Il popolo Ainu aveva vari tipi di matrimonio. Il modello base era quello in cui il bambino era promesso in matrimonio per accordo tra i suoi genitori e i genitori della sua promessa sposa o di un intermediario. Solo quando gli sposi raggiungevano l’età del matrimonio veniva loro detto chi doveva essere il loro coniuge. Questo non significa che tutti i matrimoni della tradizione Ainu fossero così: c’erano anche matrimoni basati sul mutuo consenso di entrambi i sessi. In alcune zone, quando una figlia raggiungeva l’età da marito, i suoi genitori la lasciavano vivere in una piccola stanza chiamata “tunpu” annessa al muro meridionale della loro casa. I genitori sceglievano il suo sposo prendendo come base agli uomini che andavano a visitarla.

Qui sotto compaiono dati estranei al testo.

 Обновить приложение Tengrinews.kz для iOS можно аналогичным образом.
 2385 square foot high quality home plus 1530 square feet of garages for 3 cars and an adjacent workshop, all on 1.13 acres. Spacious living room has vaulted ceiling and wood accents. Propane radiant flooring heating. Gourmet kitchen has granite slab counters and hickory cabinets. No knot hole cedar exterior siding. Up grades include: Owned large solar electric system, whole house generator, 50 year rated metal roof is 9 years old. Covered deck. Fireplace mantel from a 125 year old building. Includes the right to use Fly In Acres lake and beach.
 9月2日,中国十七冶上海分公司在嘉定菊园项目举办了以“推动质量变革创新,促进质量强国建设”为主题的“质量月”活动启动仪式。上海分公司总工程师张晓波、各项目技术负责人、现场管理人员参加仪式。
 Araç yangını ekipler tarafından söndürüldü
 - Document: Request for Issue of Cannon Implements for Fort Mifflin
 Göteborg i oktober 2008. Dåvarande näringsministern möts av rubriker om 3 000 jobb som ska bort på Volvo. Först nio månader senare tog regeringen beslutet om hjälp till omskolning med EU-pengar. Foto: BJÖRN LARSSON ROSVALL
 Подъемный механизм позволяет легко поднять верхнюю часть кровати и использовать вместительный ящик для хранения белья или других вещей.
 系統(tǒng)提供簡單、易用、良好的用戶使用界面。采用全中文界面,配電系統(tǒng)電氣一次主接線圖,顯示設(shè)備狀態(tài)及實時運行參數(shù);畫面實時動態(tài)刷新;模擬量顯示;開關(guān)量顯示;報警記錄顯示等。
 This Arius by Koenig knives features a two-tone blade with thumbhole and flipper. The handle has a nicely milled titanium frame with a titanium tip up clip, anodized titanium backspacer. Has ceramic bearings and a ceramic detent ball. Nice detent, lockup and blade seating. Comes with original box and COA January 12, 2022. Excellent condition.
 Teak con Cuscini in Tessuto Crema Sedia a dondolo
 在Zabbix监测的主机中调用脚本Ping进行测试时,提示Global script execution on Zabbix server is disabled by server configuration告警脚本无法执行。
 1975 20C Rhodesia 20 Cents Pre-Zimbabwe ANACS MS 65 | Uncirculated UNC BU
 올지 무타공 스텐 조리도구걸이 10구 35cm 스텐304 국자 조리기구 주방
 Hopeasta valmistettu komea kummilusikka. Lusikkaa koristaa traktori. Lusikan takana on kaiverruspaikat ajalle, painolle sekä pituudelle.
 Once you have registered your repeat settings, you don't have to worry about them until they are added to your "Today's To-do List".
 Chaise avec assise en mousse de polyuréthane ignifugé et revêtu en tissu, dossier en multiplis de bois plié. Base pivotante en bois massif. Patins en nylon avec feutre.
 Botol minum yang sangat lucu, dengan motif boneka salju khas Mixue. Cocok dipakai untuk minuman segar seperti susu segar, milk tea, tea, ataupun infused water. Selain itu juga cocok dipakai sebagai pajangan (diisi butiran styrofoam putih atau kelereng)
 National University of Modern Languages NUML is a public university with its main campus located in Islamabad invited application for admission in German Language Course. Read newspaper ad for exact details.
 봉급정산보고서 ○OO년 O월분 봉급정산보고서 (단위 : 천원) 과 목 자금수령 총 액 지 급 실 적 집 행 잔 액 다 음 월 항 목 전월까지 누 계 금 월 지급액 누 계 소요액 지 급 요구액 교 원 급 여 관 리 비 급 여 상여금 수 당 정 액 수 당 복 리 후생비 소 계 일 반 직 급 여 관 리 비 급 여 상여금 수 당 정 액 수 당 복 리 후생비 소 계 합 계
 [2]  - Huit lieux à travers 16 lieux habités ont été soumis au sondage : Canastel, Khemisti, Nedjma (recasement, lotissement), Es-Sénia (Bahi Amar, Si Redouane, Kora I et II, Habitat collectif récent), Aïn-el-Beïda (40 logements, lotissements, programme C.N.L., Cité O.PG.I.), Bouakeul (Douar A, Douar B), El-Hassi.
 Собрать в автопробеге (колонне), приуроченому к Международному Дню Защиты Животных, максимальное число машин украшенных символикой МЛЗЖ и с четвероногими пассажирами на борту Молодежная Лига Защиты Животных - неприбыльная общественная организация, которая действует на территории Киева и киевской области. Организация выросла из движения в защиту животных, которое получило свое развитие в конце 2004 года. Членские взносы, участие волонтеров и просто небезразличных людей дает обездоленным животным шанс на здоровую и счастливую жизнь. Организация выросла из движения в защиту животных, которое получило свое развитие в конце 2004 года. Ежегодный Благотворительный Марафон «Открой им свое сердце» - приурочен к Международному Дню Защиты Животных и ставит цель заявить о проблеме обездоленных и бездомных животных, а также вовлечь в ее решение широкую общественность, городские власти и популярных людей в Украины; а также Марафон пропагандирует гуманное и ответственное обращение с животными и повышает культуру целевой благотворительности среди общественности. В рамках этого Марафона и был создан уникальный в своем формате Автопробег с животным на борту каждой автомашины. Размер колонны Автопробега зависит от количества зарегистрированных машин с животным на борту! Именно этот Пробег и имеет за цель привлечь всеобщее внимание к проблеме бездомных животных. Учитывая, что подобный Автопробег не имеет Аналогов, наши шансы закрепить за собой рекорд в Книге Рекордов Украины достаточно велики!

L’età del matrimonio nella tradizione Ainu era dai 17 ai 18 anni per gli uomini e dai 15 ai 16 anni per le donne, che spesso erano tatuate. A queste età, entrambi i sessi erano considerati adulti.

Quando un uomo voleva “proporsi” per il matrimonio con una una donna, di solito visitava la sua casa, mangiava mezza ciotola piena di riso che gli veniva consegnata e ne restituiva il resto. Se la donna mangiava il resto questo significava che aveva accettato la sua proposta. Se non lo faceva e invece riponeva la ciotola accanto a lei, significava che aveva respinto la proposta dell’uomo.
Quando un uomo Ainu si fidanzava con una donna o veniva a conoscenza di chi fosse la sua promessa sposa, portava spesso dei doni. Esempi di doni erano un piccolo coltello inciso, scatole, corde e altri regali. A volte venivano inviati vestiti ricamati, coperte e altri vestiti fatti a mano.

Il tessuto logoro di vecchi indumenti era usato per i vestiti del bambino perché un panno morbido era buono per la pelle dei bambini e il materiale logoro proteggeva i bambini dalle divinità della malattia e dei demoni a causa dell’orrore di questi dei per le cose sporche. I bambini venivano cresciuti quasi nudi fino ai quattro o cinque anni. Anche quando indossavano vestiti di solito non indossavano cinture e lasciavano aperta la parte anteriore dei loro vestiti. Solo successivamente, come segno di passaggio da un’età all’altra avrebbero indossato vestiti completi.
I bambini appena nati venivano chiamati ayay (bambino che piange), shipo, poyshi (piccoli escrementi) e shion (vecchi escrementi). I bambini venivano chiamati con questi nomi “temporanei” fino all’età di due o tre anni. Non venivano dati nomi permanenti quando nati. I loro nomi iniziali avevano significati che li associavano a “escrementi” o “cose vecchie” per allontanare il demone della cattiva salute e quindi garantire una migliore vita al bambino. Alcuni bambini poi venivano nominati in base al loro comportamento o alle loro abitudini. Altri bambini invece prendevano nome dopo eventi impressionanti o dai desideri dei genitori per il futuro dei loro bambini. I bambini nella tradizione Ainu non potevano avere lo stesso nome degli altri.
Gli uomini indossavano perizomi e avevano i capelli in ordine per la prima volta all’età di 15-16 anni. Le donne erano considerate adulte all’età di 15-16 anni, indossavano una biancheria intima chiamata “mour” e avevano i capelli ben ordinati e avvolti intorno ai loro corpi o a delle piccole cinte chiamate “raunkut” e “ponkut”. Quando le donne raggiungevano i 12-13 anni, le loro labbra, le mani e le braccia venivano di solito tatuate. Quando raggiungevano i 15-16 anni i loro tatuaggi venivano completati per poter dare loro la “qualifica” di adatte per il matrimonio.